19th Sultan of Kashmir
- Reign: 1561–1563
- Predecessor: Habib Shah
- Successor: Husain Shah Chak
- Born: 1509 Srinagar, Kashmir Sultanate (present-day Srinagar, Jammu and Kashmir, India)
- Died: 1567 (aged 57–58)

Names
- Ghazi Shah Chak
- Dynasty: Chak dynasty
- Father: Kaji Shah Chak
- Religion: Shia Islam

= Ghazi Shah Chak =

Sultan of Kashmir from 1561 to 1563

Ghazi (Persian pronunciation: [ɣɑːzi:], lit. 'warrior'; 1509–1567), born Ghāzī Shāh Chak, was the first Chak Sultan, who ruled over the Kashmir sultanate . He dethroned the last Shah Mir Sultan, Habib Shah, in 1561 and succeeded him under the title of Muhammad Humayun. He was the 19th Sultan of Kashmir and ruled Kashmir till he was forced to abdicate in 1563.

Ghazi Khan Chak was the first Chak Sultan, although he didn't rule directly at first.

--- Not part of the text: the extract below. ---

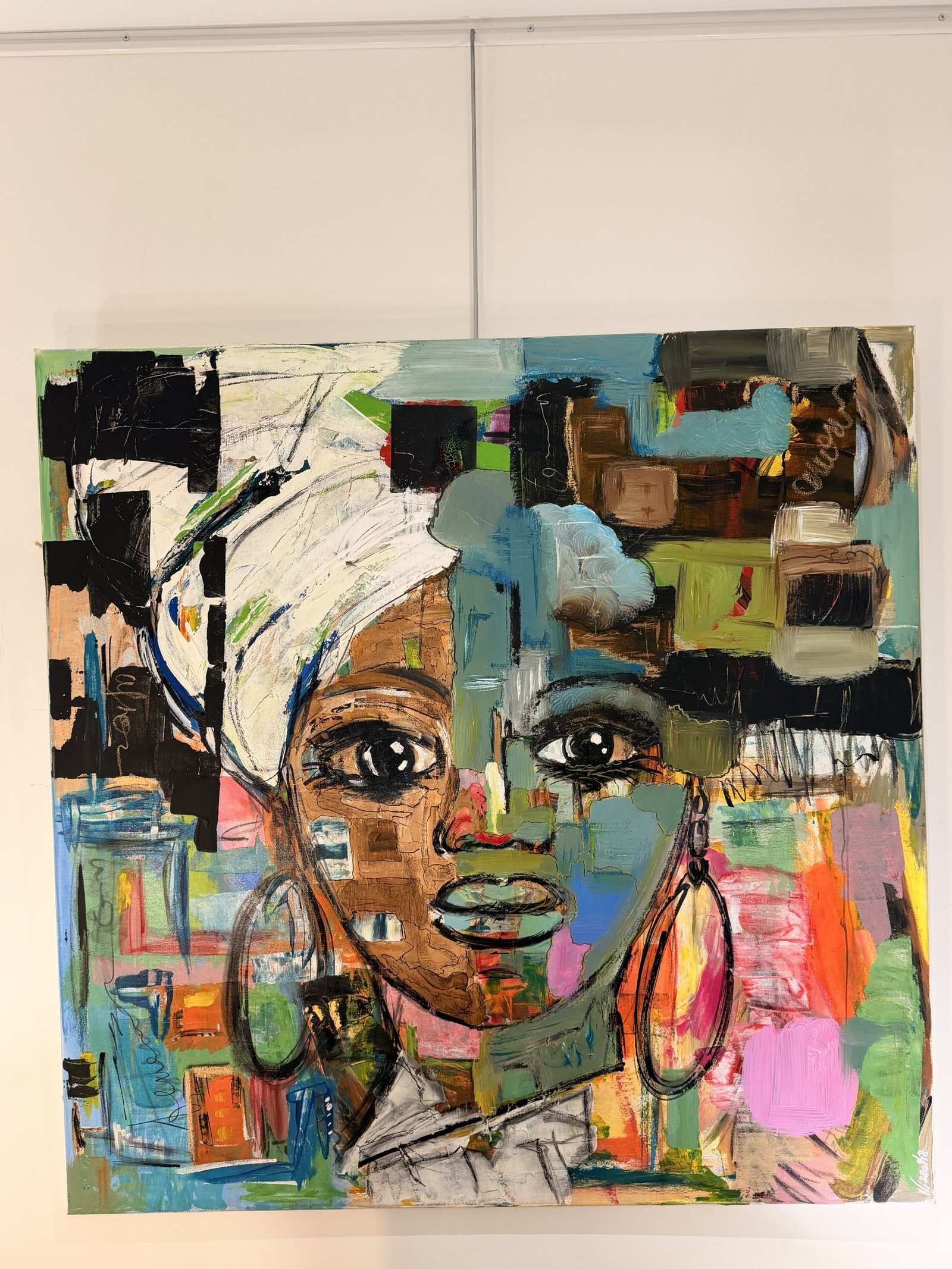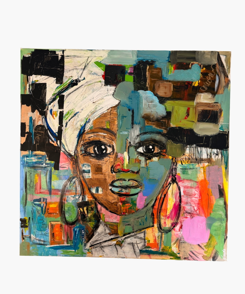 Ce grand format représente un visage féminin stylisé entouré d’un patchwork de couleurs. Le turban blanc, imposant, crée un contraste net avec la peau richement texturée du visage. Les larges boucles d’oreilles et les touches de rose, bleu, orange et noir apportent rythme et chaleur.
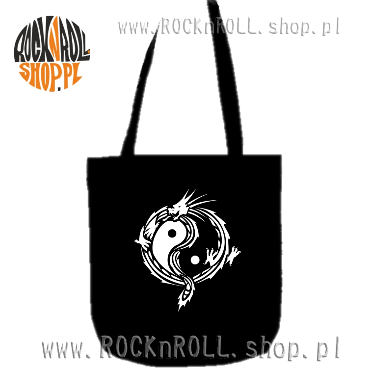 Czarna wygodna i praktyczna torba ekologiczna z grafiką smoka otaczającego antyczny chiński znak ładu i chaosu Yin Yang.

He defeated the invading Mughal armies three times. He was most known, however, for his extreme cruelty and savagery, which was even extreme by contemporary Kashmiri standards. He used to have the prisoners of war chopped into pieces and their heads put on spikes along the passes of Kashmir. Most famously, he had the entire army of Haibat Khan Niazi butchered, along with the camp followers, including women and children. He then sent the heads of the Niazi (Pashtun) chiefs back as gifts to Islam Shah Suri, who had sent Haibat Khan to conquer Kashmir.

He was indeed so feared even by his own kinsmen that when he was blinded by leprosy, no one dared rebel against him. He ruled for nine years and then gave his throne to his brother, Husain Shah.